When called with a df, must return a boolean Series.
bool_filter_remove: usually a lambda that takes a dataframe as the only parameter.
When called with a df, must return a boolean Series.
Example:
df.pipe(filter_rows, bool_filter_keep=lambda df_: df_["foobar"] == 3)
"""
if bool_filter_keep is None and bool_filter_remove is None:
raise ValueError("Either `bool_filter_keep` or `bool_filter_remove` must be passed.")
elif bool_filter_keep is not None and bool_filter_remove is not None:
raise ValueError("Only `bool_filter_keep` or `bool_filter_remove` must be passed.")
shape_in = df.shape
if bool_filter_keep:
mask_keep = bool_filter_keep(df)
elif bool_filter_remove:
mask_keep = ~bool_filter_remove(df)
else:
raise ValueError("At this point, one filter must exist.")
df = df.loc[mask_keep, :]
shape_out = df.shape
n_in, n_out = shape_in[0], shape_out[0]
if n_in != n_out or not only_log_changes:
logger.info(
f"Row filter ({name}): {n_out - n_in:+} rows, "
f"(removed: {n_in - mask_keep.sum()}, {(n_in - mask_keep.sum()) / n_in:.2f}) "
f"(kept: {mask_keep.sum()}, {mask_keep.sum() / n_in:.2f}) "
f"({shape_in=}, {shape_out=})"
)
return df
This seems like a lot of bloat for a single line of logic df = df.loc[mask_keep, :]
, but it comes with clear benefits, as soon as the filters become more complex.
Simplistic example:
@log_step
def transform(df):
return df.iloc[:-2,:]
df = pd.DataFrame.from_dict(
dict(
foo=[1, 2, 3, 4, 5, 6, 7],
bar=["a", "b", "c", "d", "e", "f", "g"],
)
)
transform(df).pipe(
filter_rows,
bool_filter_keep=lambda df_: df_["foo"] <= 3,
name="valid-foo",
).pipe(
filter_rows,
bool_filter_remove=lambda df_: df_["foo"] == 3,
name="no-three",
)
Output:
INFO:transform:transform: returned shape=(5, 2), 0.000109 s
INFO:minimal:Row filter (valid-foo): -2 rows, (removed: 2, 0.40) (kept: 3, 0.60) (shape_in=(5, 2), shape_out=(3, 2))
INFO:minimal:Row filter (no-three): -1 rows, (removed: 1, 0.33) (kept: 2, 0.67) (shape_in=(3, 2), shape_out=(2, 2))
Note: this will always log with the logger of the module that contains the filter_rows
function.
It should be possible to log with the logger of the caller (see here, untested).
Merge operations
The next fragile operation in pandas codebases are merges.

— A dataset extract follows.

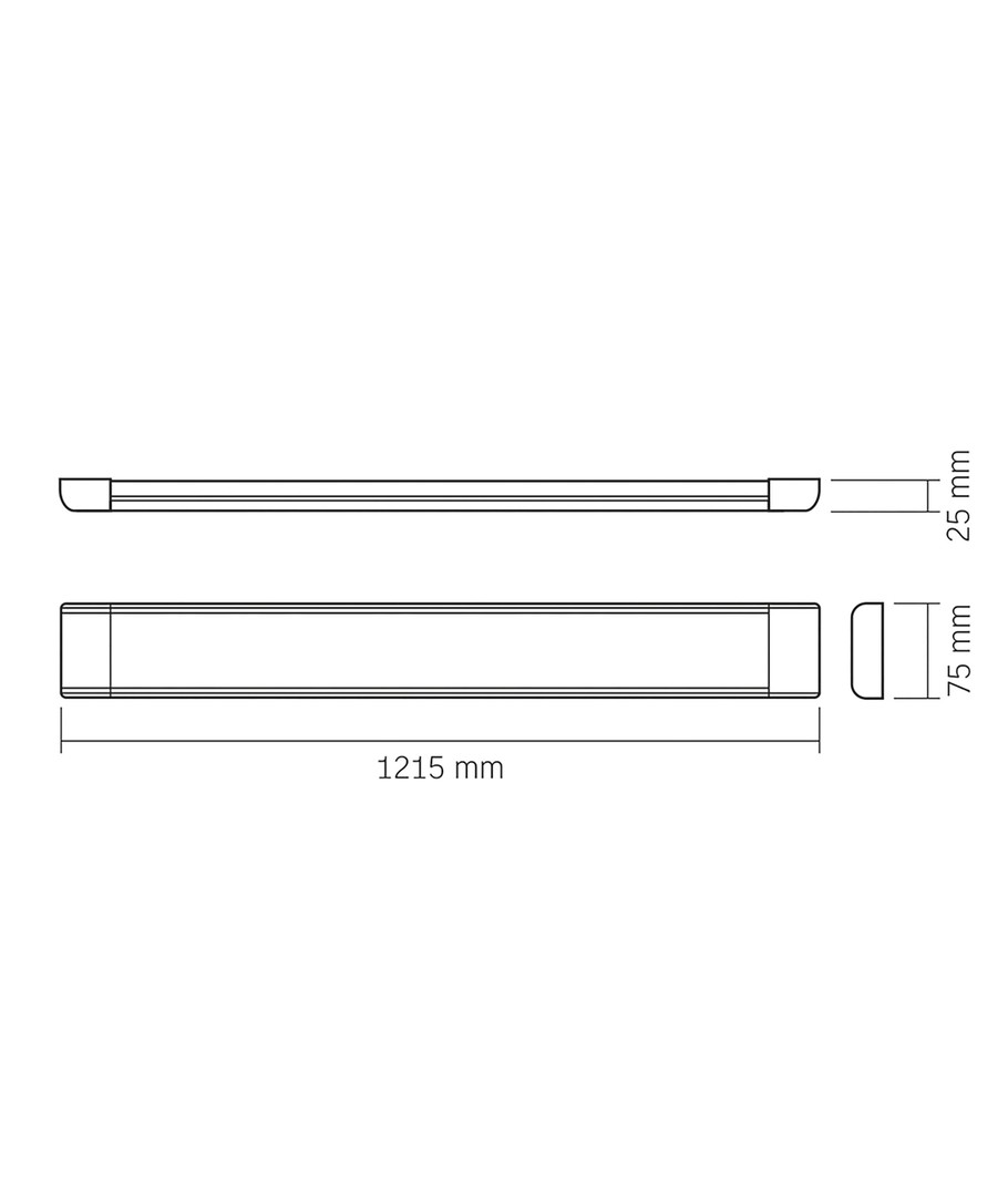 Armaturet har dimensionerne på 75 x 1215 x 25 mm og en IP20-klassificering, hvilket betyder, at det ikke er modstandsdygtigt over for vand. Det integrerede lyskilde-design sikrer en problemfri installation og vedligeholdelse.

Make sure to:
- Consider specifying the
validate
parameter, so that you document and check the expected merge (1:1, 1:n, n:1, n:n) - Always explicitly list the columns to merge on (i.e., pass
on
, orright_on
andleft_on
). - Always log input and output shapes.
- Often it makes sense to explicitly filter the list of columns to use in the left/right dataframes, or to at least do it for one side, usually the right one.
For logging, similar to the previous approach:
def merge_dfs(
left: pd.DataFrame,
right: pd.DataFrame,
name: str,
**kwargs,
) -> pd.DataFrame:
"""
Consider following these conventions:
- Use pandas' `validate` parameter.
- Always pass `on`, or `left_on` and `right_on`.
"""
shape_left, shape_right = left.shape, right.shape
df = left.merge(
right=right,
**kwargs
)
shape_out = df.shape
n_left, n_out = shape_left[0], shape_out[0]
logger.info(
f"Merging ({name}): {n_out - n_left:+} rows, "
f"({shape_left=}, {shape_out=}, {shape_right=})"
)
return df
# Simplistic example when doing method chaining:
df_a.pipe(
merge_dfs,
name="Merging a with b",
right=df_b,
on=["foo"],
how="left",
)
Output:
INFO:minimal:Merging (Merging a with b): +1 rows, (shape_left=(7, 2), shape_out=(8, 3), shape_right=(4, 2))
Conclusion
Writing pandas operations with the chained method style lends itself to easily log additional information to keep sane and let you go fast when whipping your PoC-of-the-day.
Open points and references
- There are existing libraries that I need to explore further. See, e.g., pandas-log.